Figure 5. NECs are endoderm-derived, like PNECs.

(a–d) In Sox172A-iCre/+;R26R/+ mice, all endoderm-derived lineages, as well as vascular endothelial cells and the hematopoietic system, constitutively express β-galactosidase (Engert et al., 2009). Serial sections of an E19.5 Sox172A-iCre/+;R26R/+ mouse lung show that X-gal labels PNECs (a,b; black arrowheads), whose identity is confirmed by serotonin expression (c,d; white arrowheads). The serotonin-positive cells are clearly all in the epithelium, which is entirely X-gal-positive, although there is some variation in staining level from cell to cell. (e–e’’’) A high-power view of a cluster of Ascl1-expressing PNECs in a section of an E16.5 Sox172A-iCre/+;R26RtdTomato mouse lung, in which endoderm-derived lineages express tdTomato. Only the occasional PNEC is serotonin-positive at this stage. The Ascl1-expressing PNECs are tdTomato-positive, i.e., endoderm-derived. (f–i’’) An endodermal contribution to putative NECs in Xenopus was investigated by performing focal DiI injections into the anterior endoderm at stage 14 (f), as described in Chalmers and Slack (2000).

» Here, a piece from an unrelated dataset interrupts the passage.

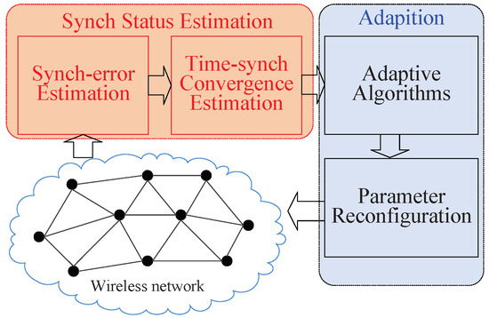 There are two components in an adaptive approach: synchronization status estimation and adaptation. The algorithm first estimates the synchronization status, including synchronization errors and convergence status. Then, it adjusts the synchronization parameters to match the shape of the topology.

At stage 45, DiI labels the endoderm lining the orobranchial cavity (g,h), and serotonergic cells (putative NECs, arrowheads) in the orobranchial epithelium (i–i’’). (j–l) In Tg(sox17:creERT2;cmlc2:DsRed);Tg(-3.5ubi:loxP-GFP-loxP-mCherry) zebrafish, the endoderm is labeled with mCherry and (m–n’’) NECs in the gill filaments are mCherry-positive (arrowheads). 5-HT, serotonin; A, anterior; a, airway; Bac, branchial arch cartilage; Gf, gill filament; Obc, orobranchial cavity; P, posterior; tdTom, tdTomato. Scale-bars: 50 μm in a,c,g,k,m; 25 μm in b,d,h,i,l,n; 20 μm in e.

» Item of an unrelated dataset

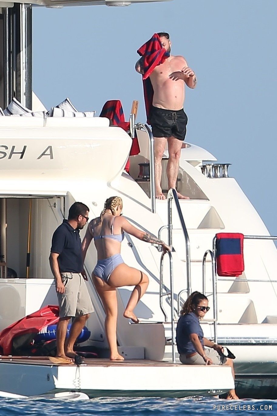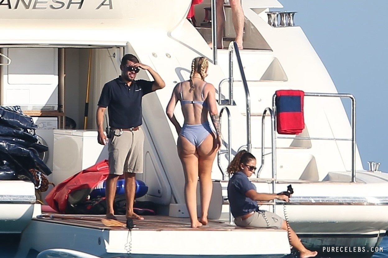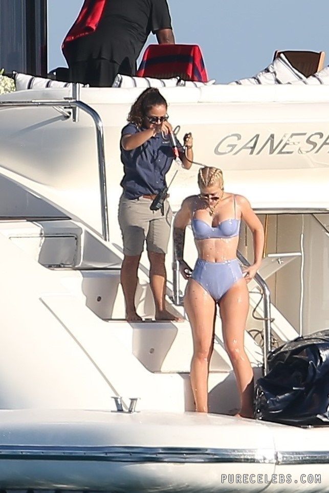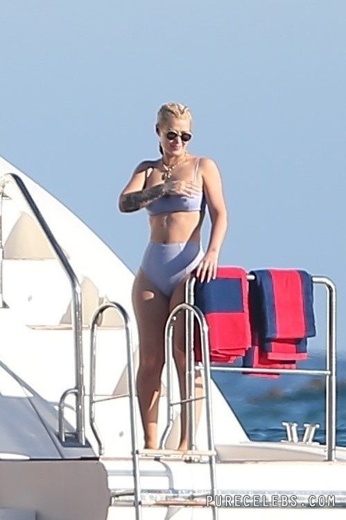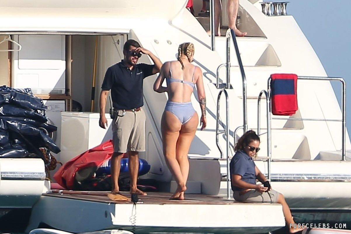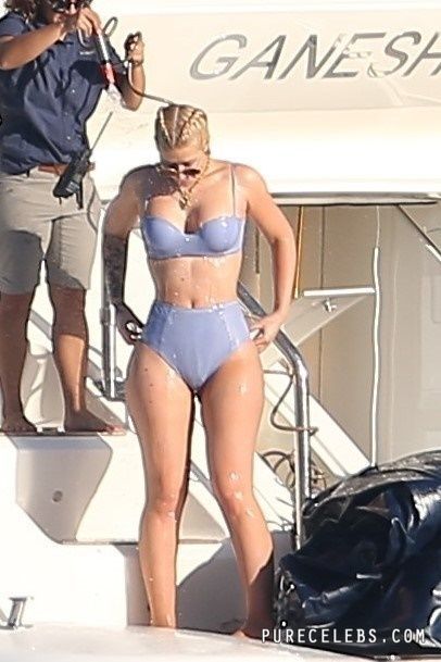 Paparazzi dream of catching Australian-American rapper Iggy Azalea nude, but so far they managed to take her pictures in a bikini. The girl had a great time relaxing on a yacht. The celebrity was wearing a blue bikini that perfectly emphasized her figure. Her awesome breasts looked very sexy in a blue bra. And her butt in wet tight panties was so chic and chubby! I wouldn’t mind spanking her lush buns!

DOI: http://dx.doi.org/10.7554/eLife.21231.012

Figure 5.

Figure 5—figure supplement 1. The neural crest does not contribute to amniote PNECs.

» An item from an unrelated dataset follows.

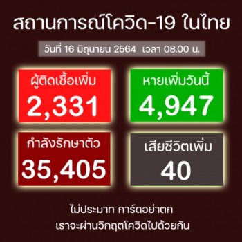 พบผู้ติดเชื้อโควิด-19เพิ่มอีกกว่า 2300 ราย เสียชีวิต 40 ราย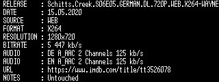 | FiLENAME: | Schitts.Creek.S06E05.GERMAN.DL.720P.WEB.X264-WAYNE.mkv |

Figure 5—figure supplement 1.

(a–b’) Transverse sections through the lungs of Wnt1-Cre;R26R-YFP mouse embryos, in which neural crest cells are permanently labeled with YFP (Danielian et al., 1998; Srinivas et al., 2001), at E14.5 (a,a’) and E18.5 (b,b’). PNECs (Ascl1 [Mash1]-positive cells in the airway epithelium; Ito et al., 2000) are unlabeled, whether solitary or clustered (white dotted line in b,b’), although nearby neural crest-derived cells in the subjacent mesenchyme (yellow arrowheads) are YFP-positive, including putative Schwann cells on a nerve innervating the PNECs (yellow arrowheads in b,b’) and an intrinsic pulmonary ganglion (white arrow in b,b’), as expected (Freem et al., 2010). (In a,a’, the two fainter, out-of-focus green spots within the epithelium are background artefacts from the anti-GFP immunostaining.) (c) The vagal neural crest was labeled in the chicken using GFP-transgenic to wild-type neural tube grafts at E1.5 (schematic modified from Le Douarin, 2004). (d–e’) Transverse sections through the lungs of grafted embryos at E14.5 (d,d’) and E16.5 (e,e’). PNECs (serotonergic cells in the lung airway epithelium) are unlabeled (white arrowheads), while putative Schwann cells (elongated cells, yellow arrowheads) and a nearby intrinsic pulmonary ganglion (white arrow) are GFP-positive, as expected (Burns and Delalande, 2005). 5-HT, serotonin; a, airway; Ot, otic vesicle; s, somite. Scale-bars: 10 μm in a; 50 μm in b,d,e.